Supplied data →
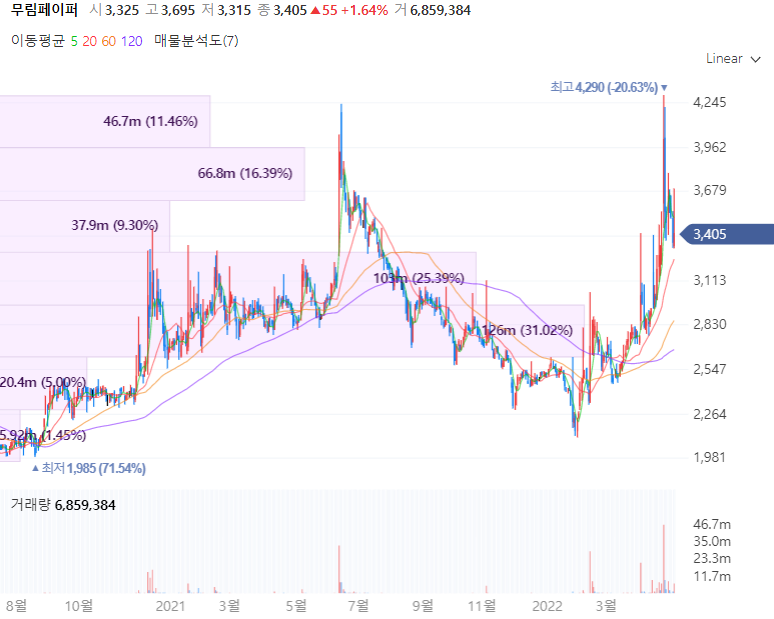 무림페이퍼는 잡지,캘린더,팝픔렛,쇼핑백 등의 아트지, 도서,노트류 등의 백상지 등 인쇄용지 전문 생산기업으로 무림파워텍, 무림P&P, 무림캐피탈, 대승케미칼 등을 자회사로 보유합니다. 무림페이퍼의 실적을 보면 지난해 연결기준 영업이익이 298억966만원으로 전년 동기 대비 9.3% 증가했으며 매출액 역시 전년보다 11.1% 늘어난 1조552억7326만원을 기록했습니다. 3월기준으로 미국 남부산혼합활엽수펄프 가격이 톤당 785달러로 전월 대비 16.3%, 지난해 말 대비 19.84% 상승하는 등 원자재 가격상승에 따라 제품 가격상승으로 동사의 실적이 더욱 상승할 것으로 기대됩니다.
* * *
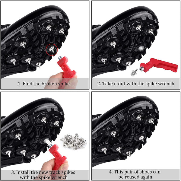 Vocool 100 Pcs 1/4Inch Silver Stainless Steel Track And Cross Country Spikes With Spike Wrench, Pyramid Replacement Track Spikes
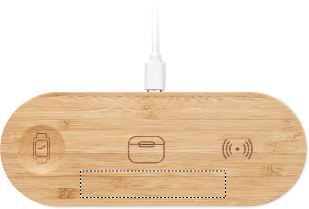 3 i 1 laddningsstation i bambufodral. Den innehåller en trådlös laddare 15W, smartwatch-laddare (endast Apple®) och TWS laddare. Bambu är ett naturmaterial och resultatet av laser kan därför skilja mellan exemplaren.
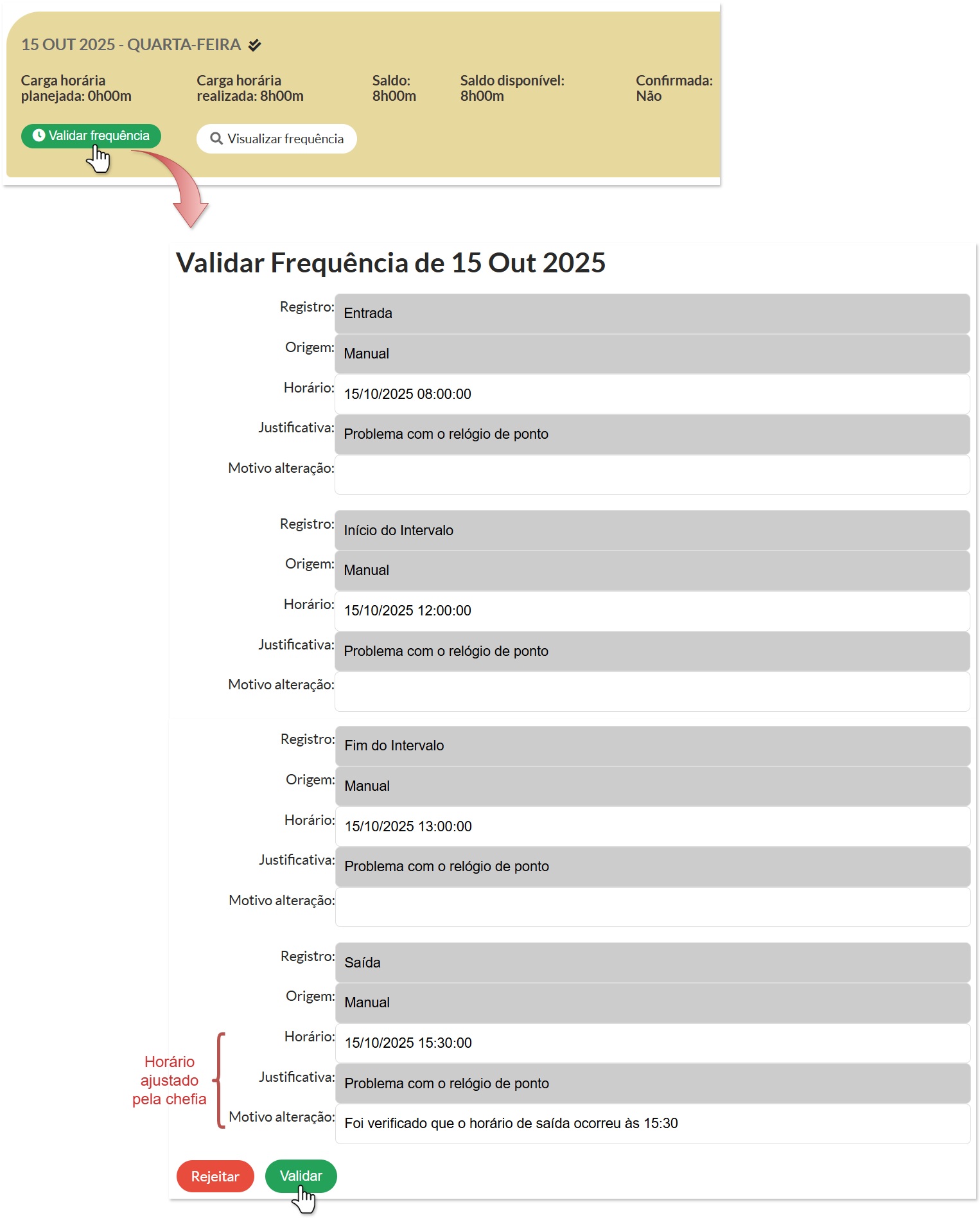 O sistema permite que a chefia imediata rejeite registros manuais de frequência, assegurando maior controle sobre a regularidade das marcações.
==
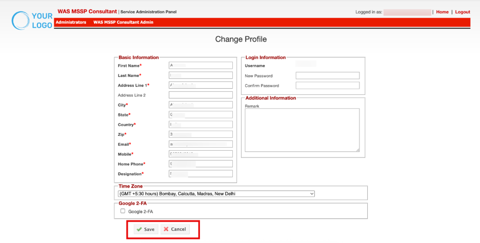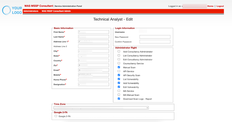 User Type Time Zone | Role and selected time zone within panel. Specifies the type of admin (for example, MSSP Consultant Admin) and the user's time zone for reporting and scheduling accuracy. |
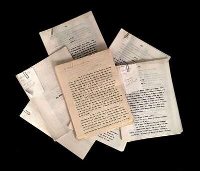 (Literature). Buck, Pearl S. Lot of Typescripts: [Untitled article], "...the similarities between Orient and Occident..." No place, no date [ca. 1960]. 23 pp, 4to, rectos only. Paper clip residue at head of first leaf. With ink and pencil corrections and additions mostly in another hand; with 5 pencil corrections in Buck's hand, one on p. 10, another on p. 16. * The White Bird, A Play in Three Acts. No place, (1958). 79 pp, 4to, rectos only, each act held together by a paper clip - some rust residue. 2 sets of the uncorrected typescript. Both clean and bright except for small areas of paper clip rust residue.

Aim of the task → When you reach the line with "3 i 1 laddningsstation" in the records above, begin repeating the lines exactly, and stop after the line with "O sistema permite". Skip all pictures.

Reply to the task →
 3 i 1 laddningsstation i bambufodral. Den innehåller en trådlös laddare 15W, smartwatch-laddare (endast Apple®) och TWS laddare. Bambu är ett naturmaterial och resultatet av laser kan därför skilja mellan exemplaren.
 O sistema permite que a chefia imediata rejeite registros manuais de frequência, assegurando maior controle sobre a regularidade das marcações.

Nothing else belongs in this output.